▸ WHAT YOU NEED TO DO
Look below for the line containing "W2511JYYS94322-Cute Valentine Heart" and the line containing "1945 Basel, the", then set down both and every line between them exactly, without pictures.

▸ RECORDS SUPPLIED

--

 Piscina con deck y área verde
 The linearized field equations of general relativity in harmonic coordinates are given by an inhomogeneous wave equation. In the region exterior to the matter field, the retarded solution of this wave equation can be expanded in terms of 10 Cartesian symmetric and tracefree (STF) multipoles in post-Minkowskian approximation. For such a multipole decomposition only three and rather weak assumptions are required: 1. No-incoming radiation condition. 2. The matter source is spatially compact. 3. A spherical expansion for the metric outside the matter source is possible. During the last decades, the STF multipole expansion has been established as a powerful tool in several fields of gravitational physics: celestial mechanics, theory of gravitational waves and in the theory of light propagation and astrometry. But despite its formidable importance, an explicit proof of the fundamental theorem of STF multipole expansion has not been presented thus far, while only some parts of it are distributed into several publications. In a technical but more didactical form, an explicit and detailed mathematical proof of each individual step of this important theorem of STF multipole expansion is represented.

--

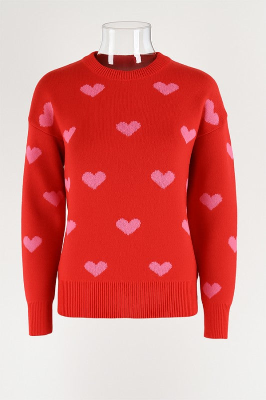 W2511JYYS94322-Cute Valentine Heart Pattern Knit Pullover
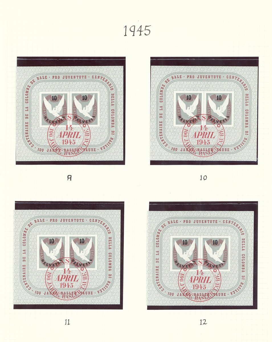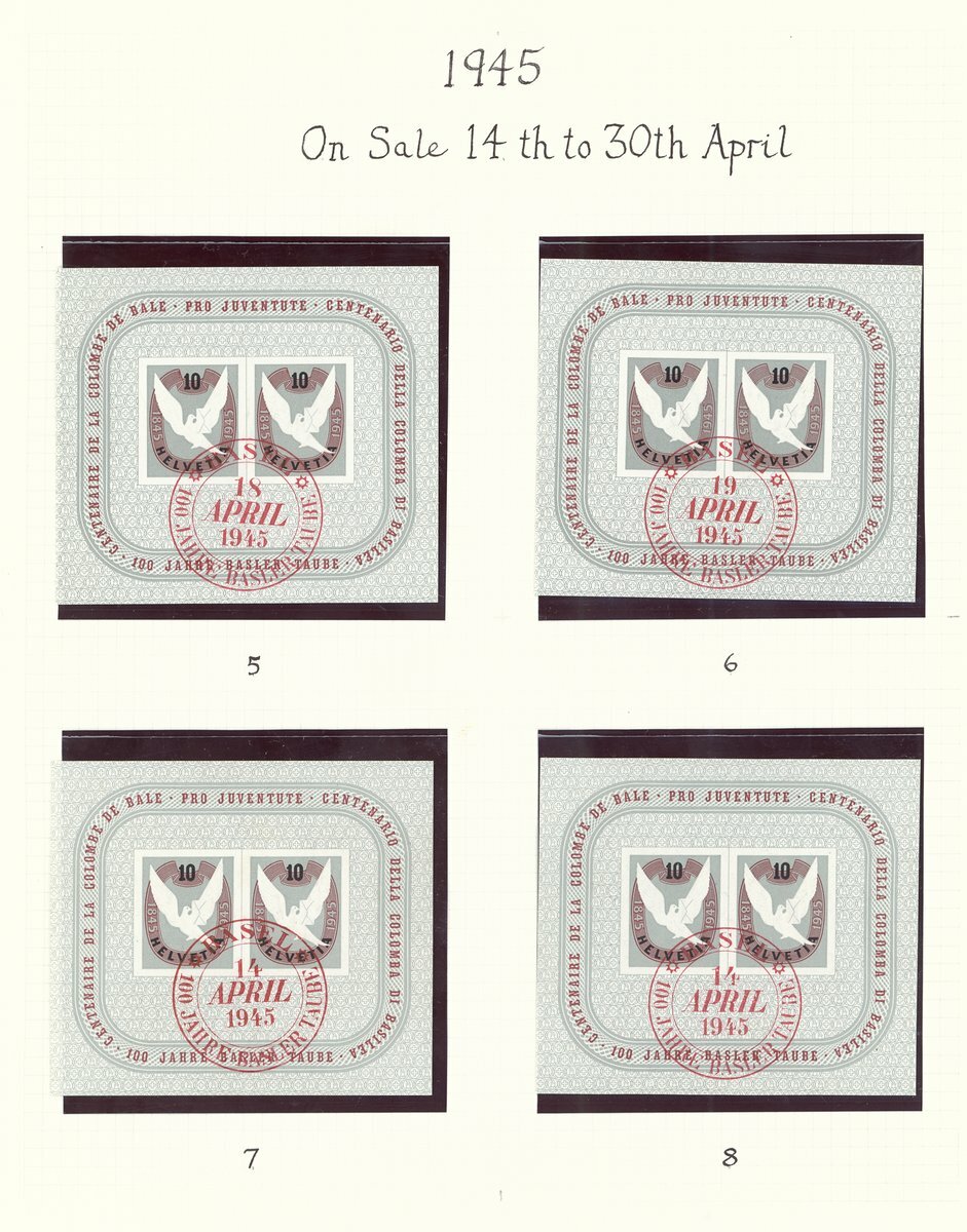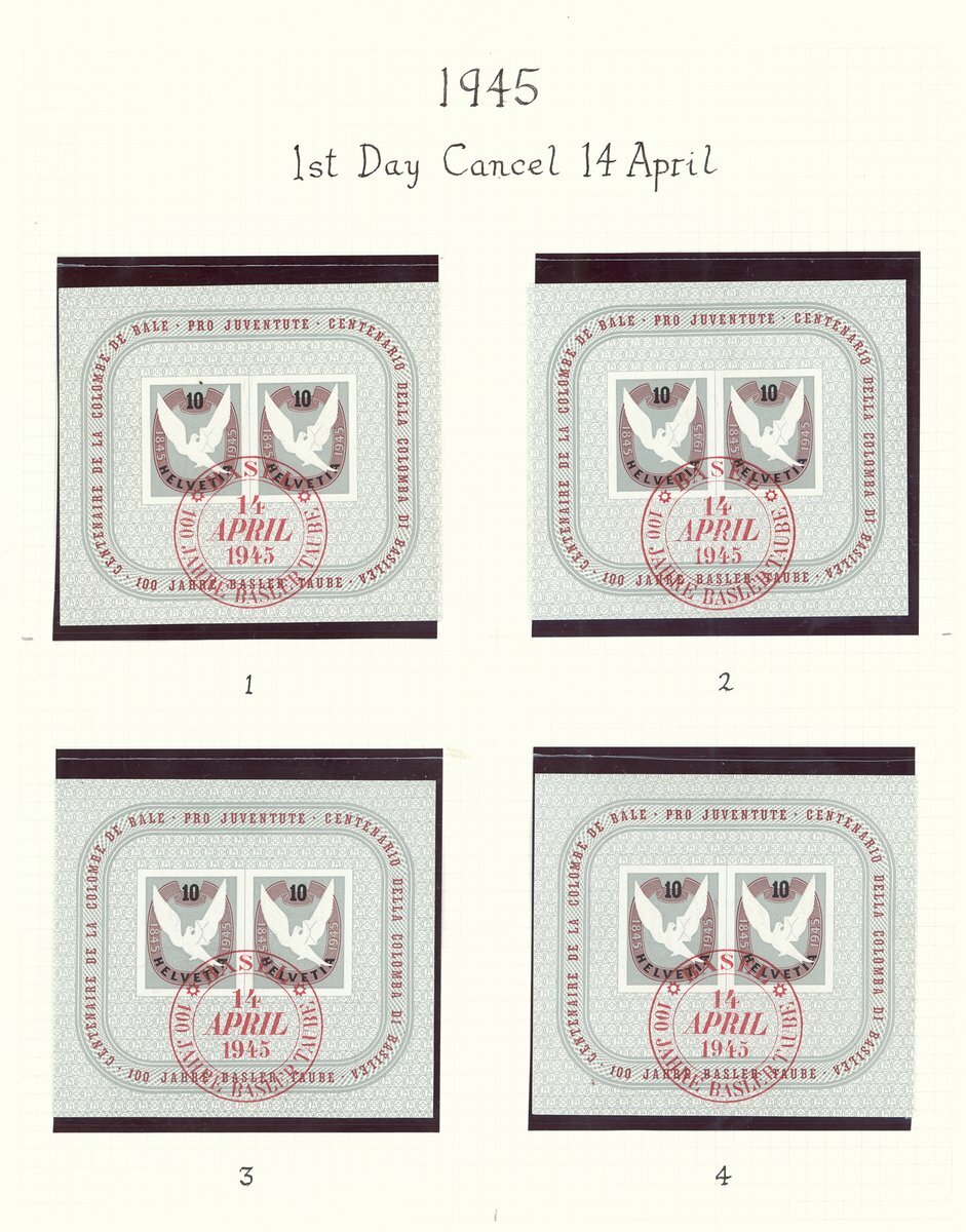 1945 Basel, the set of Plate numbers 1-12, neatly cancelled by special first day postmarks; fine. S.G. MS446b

--

▸ ANSWER TO THE EXERCISE
 W2511JYYS94322-Cute Valentine Heart Pattern Knit Pullover
 1945 Basel, the set of Plate numbers 1-12, neatly cancelled by special first day postmarks; fine. S.G. MS446b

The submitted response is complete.